From: Vitaly Kuznetsov
Date: Fri Feb 22 2019 - 11:46:22 EST


I noticed that fast_cr3_switch() always fails when we switch back from L2
to L1 as it is not able to find a cached root. This is odd: host's CR3
usually stays the same, we expect to always follow the fast path.
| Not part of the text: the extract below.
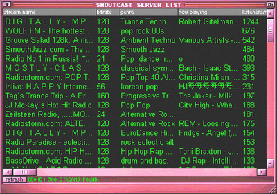 Shoutcast server list控件是一个能够非常方便的选择、收听在线电台的工具,通过右键菜单或点击Thinger中的电台图标进入。界面如图1所示,在电台列表中,会显示每个电台的名称、传送比特率(越高音质越好,相当于MP3的压缩比率)、电台音乐风格分类、正在播放的歌曲、和目前正在收听的人数,双击任何一个电台就可以马上连接并收听了。现在共有300个世界各地的电台在列表中,特别对于宽带用户来说,享受优质清晰的各种音乐资源是越来越方便了。

Turns
out the problem is that page role is always mismatched because
kvm_mmu_get_page() filters out cr4_pae when direct, the value is stored
in page header and later compared with new_role in cached_root_available().
As cr4_pae is always set in long mode prev_roots cache is dysfunctional.

The problem appeared after we introduced kvm_calc_mmu_role_common():
previously, we were only setting this bit for shadow MMU root but now
we set it for everything. Restore the original behavior.

Fixes: 7dcd57552008 ("x86/kvm/mmu: check if tdp/shadow MMU reconfiguration is needed")
Signed-off-by: Vitaly Kuznetsov <vkuznets@xxxxxxxxxx>
---
RFC:
Alternatively, I can suggest two solutions:
- Do not clear cr4_pae in kvm_mmu_get_page() and check direct on call sites
(detect_write_misaligned(), get_written_sptes()).
- Filter cr4_pae out when direct in kvm_mmu_new_cr3().
The code in kvm_mmu_get_page() is very ancient, I'm afraid to touch it :=)
---
arch/x86/kvm/mmu.c | 3 ++-
1 file changed, 2 insertions(+), 1 deletion(-)

diff --git a/arch/x86/kvm/mmu.c b/arch/x86/kvm/mmu.c
index f2d1d230d5b8..c729e98eee49 100644
--- a/arch/x86/kvm/mmu.c
+++ b/arch/x86/kvm/mmu.c
@@ -4791,7 +4791,6 @@ static union kvm_mmu_role kvm_calc_mmu_role_common(struct kvm_vcpu *vcpu,

role.base.access = ACC_ALL;
role.base.nxe = !!is_nx(vcpu);
- role.base.cr4_pae = !!is_pae(vcpu);
role.base.cr0_wp = is_write_protection(vcpu);
role.base.smm = is_smm(vcpu);
role.base.guest_mode = is_guest_mode(vcpu);
@@ -4871,6 +4870,8 @@ kvm_calc_shadow_mmu_root_page_role(struct kvm_vcpu *vcpu, bool base_only)
{
union kvm_mmu_role role = kvm_calc_mmu_role_common(vcpu, base_only);

+ role.base.cr4_pae = !!is_pae(vcpu);
+
role.base.smep_andnot_wp = role.ext.cr4_smep &&
!is_write_protection(vcpu);
role.base.smap_andnot_wp = role.ext.cr4_smap &&
--
2.20.1